*** Opening of Dataset ***

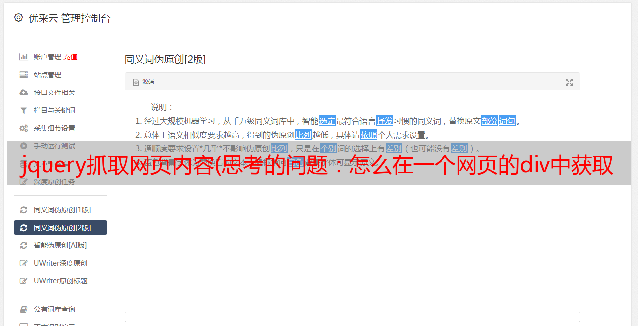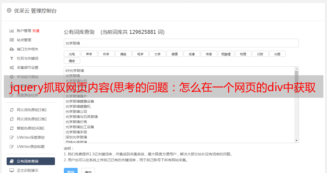 优采云 发布时间: 2022-01-16 13:00jquery抓取网页内容(思考的问题:怎么在一个网页的div中获取部分内容)
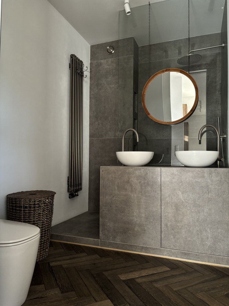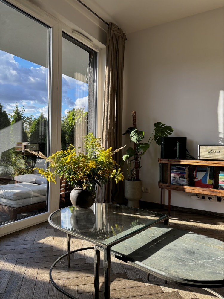 Mieszkanie wyróżnia się wystrojem, który nadaje mu niepowtarzalny charakter. Rozwiązania aranżacyjne m.in. w postaci wysokich przesuwnych drzwi łączą funkcjonalność z wyjątkowym stylem. Ciepła i przytulności wnętrzu dodaje drewniany parkiet z palonego dębu firmy Chapel, który znajduje się na powierzchni całego mieszkania, tworząc spójną i wyjątkową przestrzeń. Dodatkowym atutem jest ekspozycja zachodnia – pomieszczenia i ogródek są dobrze doświetlone od wczesnych godzin popołudniowych.
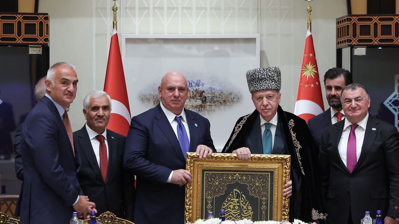 Heyet tarafından Cumhurbaşkanı Erdoğan'a Kafkas kalpağı papak, han kaftanı, Çırçırlı Ali Efendi'nin "Rabbi Yessir" duasının yer aldığı hat tablosu ve Türk boylarını simgeleyen kalem hediye edildi.
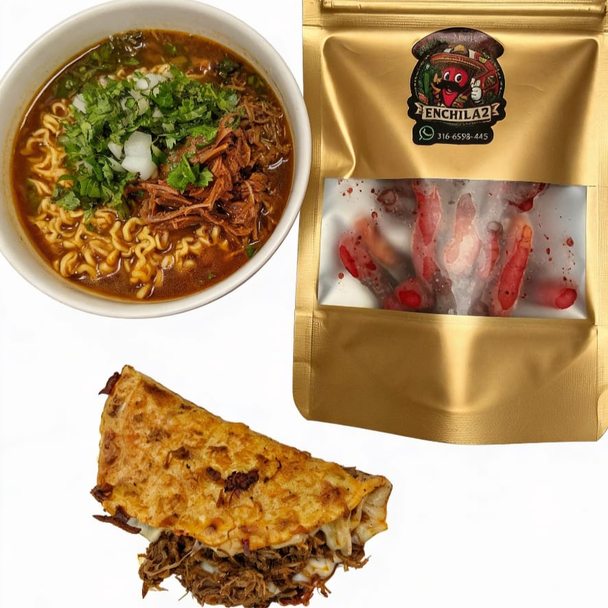 UN 1 (Birriamen consome de birria 24 onzas con carne de res y ramen,cilantro cebolla y limon) UNA 1 quesadilla de birria (tortilla rellena de carne de res, queso, limon,cilantro,cebolla) y UN 1 paquete de gomitas enchiladas POCO picosas de 40 Gr
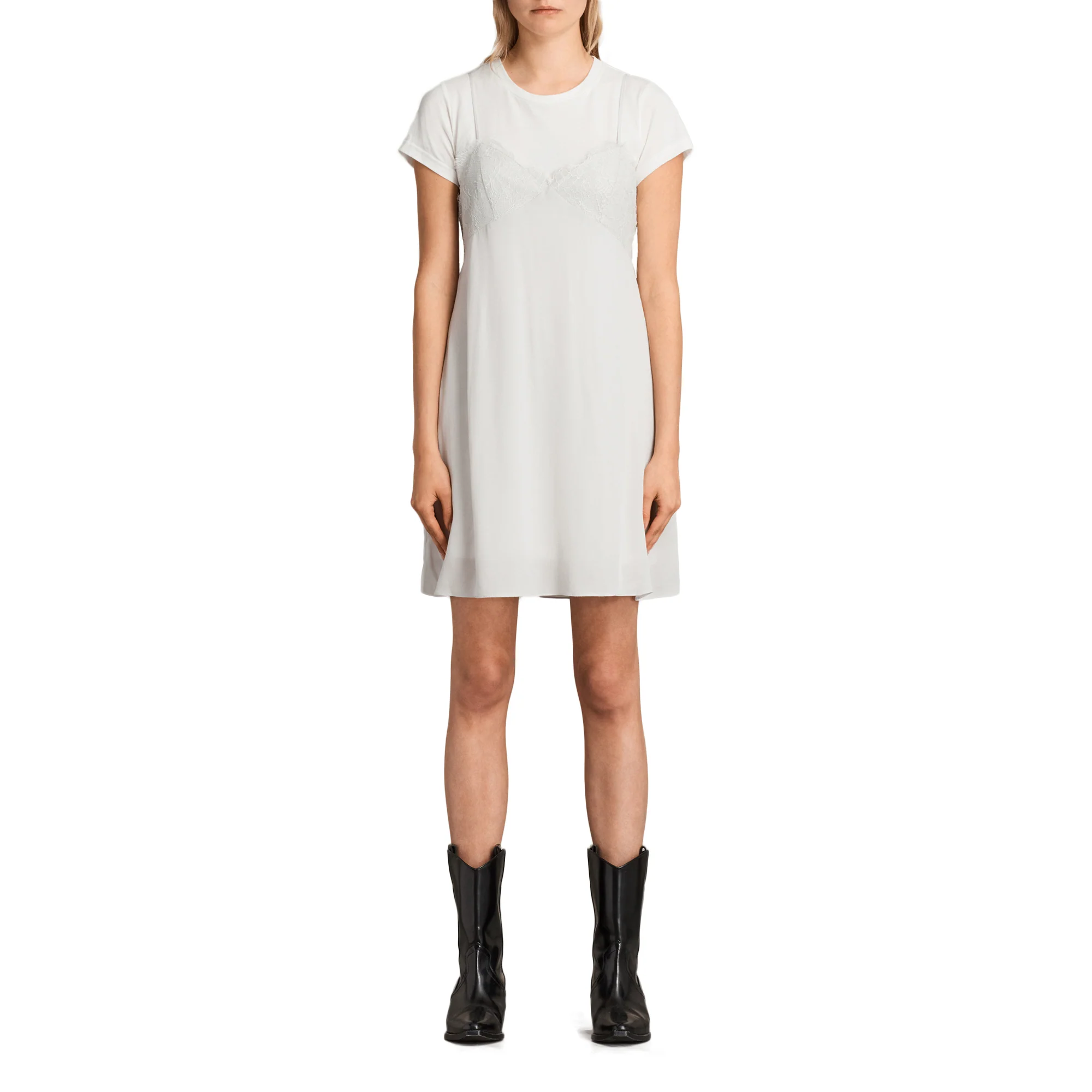 VESTIDO IVES, MARCA ALLSAINTS. VESTIDO CORTO, CUELLO REDONDO MANGA CORTA, VESTIDO DE CAPA CON TIRANTES FINOS, ESCOTE CORAZÓN Y RIBETES FESTONEADOS, SILUETA RECTA.
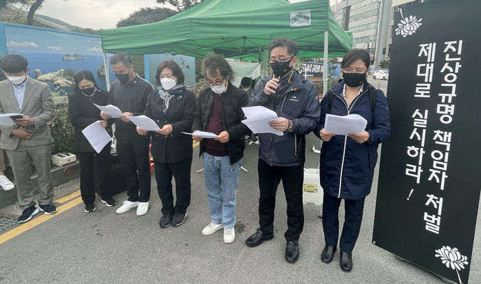 ▲ 특성화고 현장실습 피해자 가족 모임이 20일 오후 전남 여수시청 앞에 마련된 故 홍정운 군의 추모 헌화소 앞에서 현장실습 폐지를 촉구하고 있다. 여수의 한 특성화고 3학년이던 홍정운군은 지난 6일 현장실습을 나간 요트에서 따개비 작업을 하다 물에 빠져 숨졌다. 2021.10.20 [연합뉴스 제공]
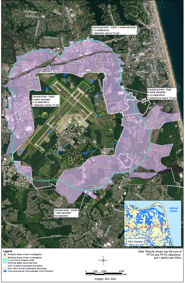 The Navy has conducted drinking water sampling for certain PFAS in drinking water wells in the vicinity of NAS Oceana since December 2016. Table 1 summarizes the drinking water sampling results to date. The Navy continues to evaluate results as new data are collected and will expand the sampling area and conduct actions as needed. When PFOA/PFOS was not detected or was measured at or below 70 ppt in a drinking water sample, no additional action was taken.

*** Close of Dataset ***

• Assignment: Transcribe only these lines, exactly: the first line of the listing, every line after it, and the line with "2021.10.20 [연합뉴스 제공]", where the copy ends. Include no picture.

• Written response:
 优采云 发布时间: 2022-01-16 13:00jquery抓取网页内容(思考的问题:怎么在一个网页的div中获取部分内容)
 Mieszkanie wyróżnia się wystrojem, który nadaje mu niepowtarzalny charakter. Rozwiązania aranżacyjne m.in. w postaci wysokich przesuwnych drzwi łączą funkcjonalność z wyjątkowym stylem. Ciepła i przytulności wnętrzu dodaje drewniany parkiet z palonego dębu firmy Chapel, który znajduje się na powierzchni całego mieszkania, tworząc spójną i wyjątkową przestrzeń. Dodatkowym atutem jest ekspozycja zachodnia – pomieszczenia i ogródek są dobrze doświetlone od wczesnych godzin popołudniowych.
 Heyet tarafından Cumhurbaşkanı Erdoğan'a Kafkas kalpağı papak, han kaftanı, Çırçırlı Ali Efendi'nin "Rabbi Yessir" duasının yer aldığı hat tablosu ve Türk boylarını simgeleyen kalem hediye edildi.
 UN 1 (Birriamen consome de birria 24 onzas con carne de res y ramen,cilantro cebolla y limon) UNA 1 quesadilla de birria (tortilla rellena de carne de res, queso, limon,cilantro,cebolla) y UN 1 paquete de gomitas enchiladas POCO picosas de 40 Gr
 VESTIDO IVES, MARCA ALLSAINTS. VESTIDO CORTO, CUELLO REDONDO MANGA CORTA, VESTIDO DE CAPA CON TIRANTES FINOS, ESCOTE CORAZÓN Y RIBETES FESTONEADOS, SILUETA RECTA.
 ▲ 특성화고 현장실습 피해자 가족 모임이 20일 오후 전남 여수시청 앞에 마련된 故 홍정운 군의 추모 헌화소 앞에서 현장실습 폐지를 촉구하고 있다. 여수의 한 특성화고 3학년이던 홍정운군은 지난 6일 현장실습을 나간 요트에서 따개비 작업을 하다 물에 빠져 숨졌다. 2021.10.20 [연합뉴스 제공]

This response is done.